=== EXERCISE REQUIREMENTS ===
In the entries below, which lines run from the one with "澤(17画)崎(11画) 夏(10画)菜(12画)" through the one with "The Virgin Mary"? Repeat exactly those, both included, and no pictures.

----- GIVEN RECORDS -----

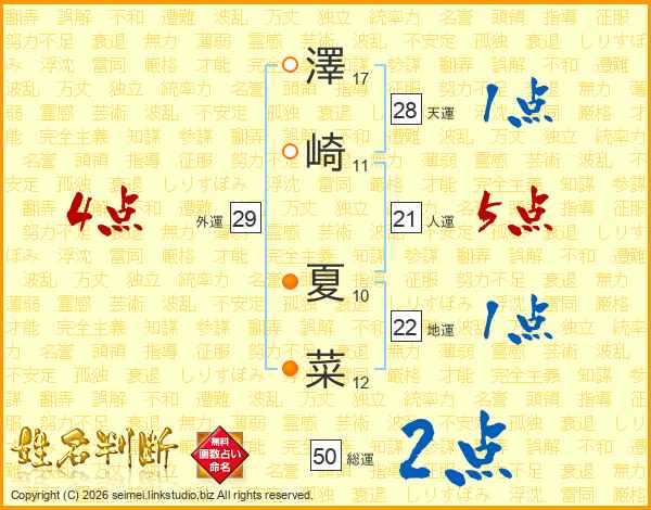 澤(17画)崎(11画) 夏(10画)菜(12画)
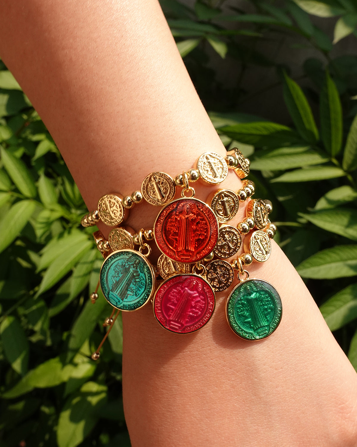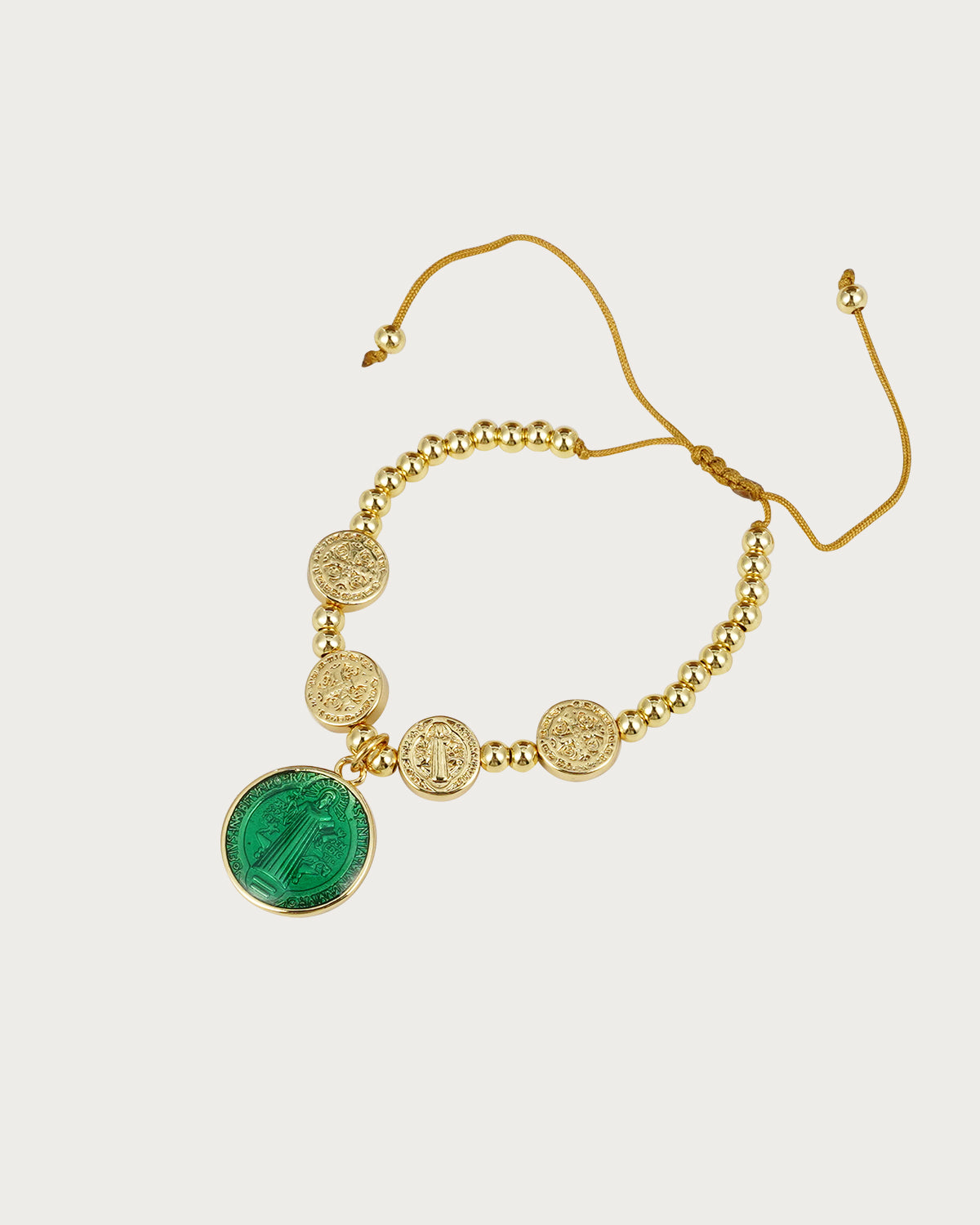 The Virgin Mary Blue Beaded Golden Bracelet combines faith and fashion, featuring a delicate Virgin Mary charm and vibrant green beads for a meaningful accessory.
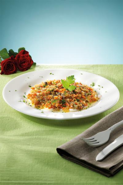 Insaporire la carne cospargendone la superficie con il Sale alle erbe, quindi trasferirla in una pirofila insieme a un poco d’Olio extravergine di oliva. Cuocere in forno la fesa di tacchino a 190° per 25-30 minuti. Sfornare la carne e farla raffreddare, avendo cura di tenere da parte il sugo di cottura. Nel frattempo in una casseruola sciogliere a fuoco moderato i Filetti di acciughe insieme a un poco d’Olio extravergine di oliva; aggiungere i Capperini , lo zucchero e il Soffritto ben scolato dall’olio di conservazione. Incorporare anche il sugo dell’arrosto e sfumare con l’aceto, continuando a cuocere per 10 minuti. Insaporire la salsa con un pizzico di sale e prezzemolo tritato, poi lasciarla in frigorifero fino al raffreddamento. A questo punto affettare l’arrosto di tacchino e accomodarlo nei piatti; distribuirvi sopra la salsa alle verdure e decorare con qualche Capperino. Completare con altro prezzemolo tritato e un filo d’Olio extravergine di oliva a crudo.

-----
----- GIVEN RECORDS -----

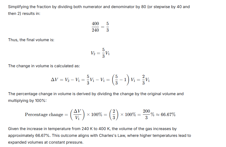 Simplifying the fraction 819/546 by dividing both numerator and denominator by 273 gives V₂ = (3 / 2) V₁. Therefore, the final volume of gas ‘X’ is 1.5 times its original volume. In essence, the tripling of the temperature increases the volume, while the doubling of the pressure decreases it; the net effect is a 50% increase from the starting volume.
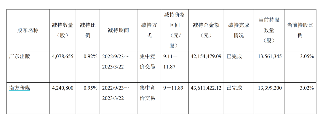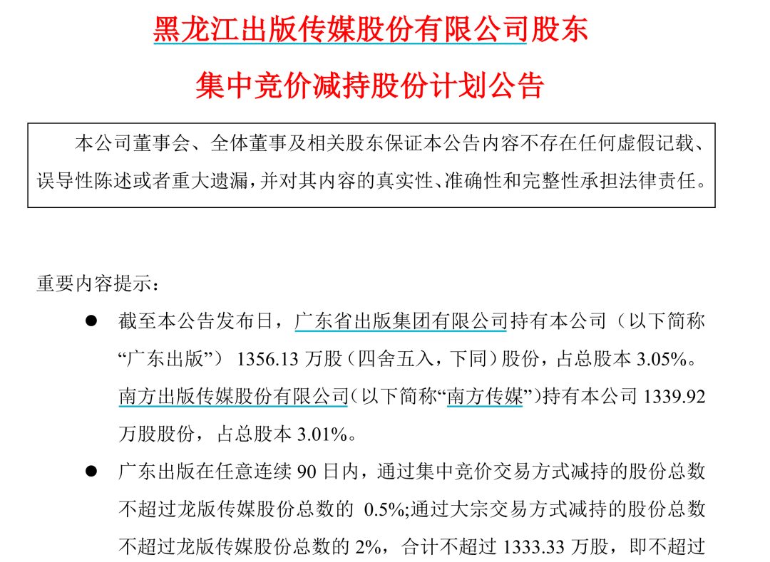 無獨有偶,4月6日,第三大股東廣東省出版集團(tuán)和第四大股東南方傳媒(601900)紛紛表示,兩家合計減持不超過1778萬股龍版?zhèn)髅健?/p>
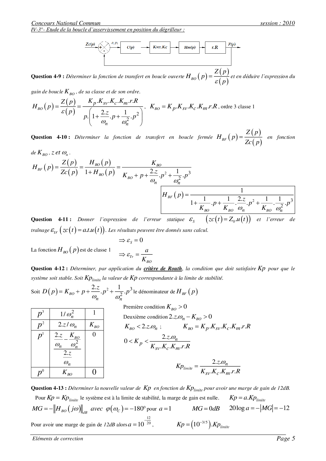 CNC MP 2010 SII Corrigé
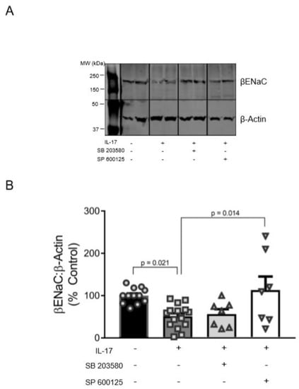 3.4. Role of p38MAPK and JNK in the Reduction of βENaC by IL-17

-----

=== SOLUTION TO THIS PROBLEM ===
 澤(17画)崎(11画) 夏(10画)菜(12画)
 The Virgin Mary Blue Beaded Golden Bracelet combines faith and fashion, featuring a delicate Virgin Mary charm and vibrant green beads for a meaningful accessory.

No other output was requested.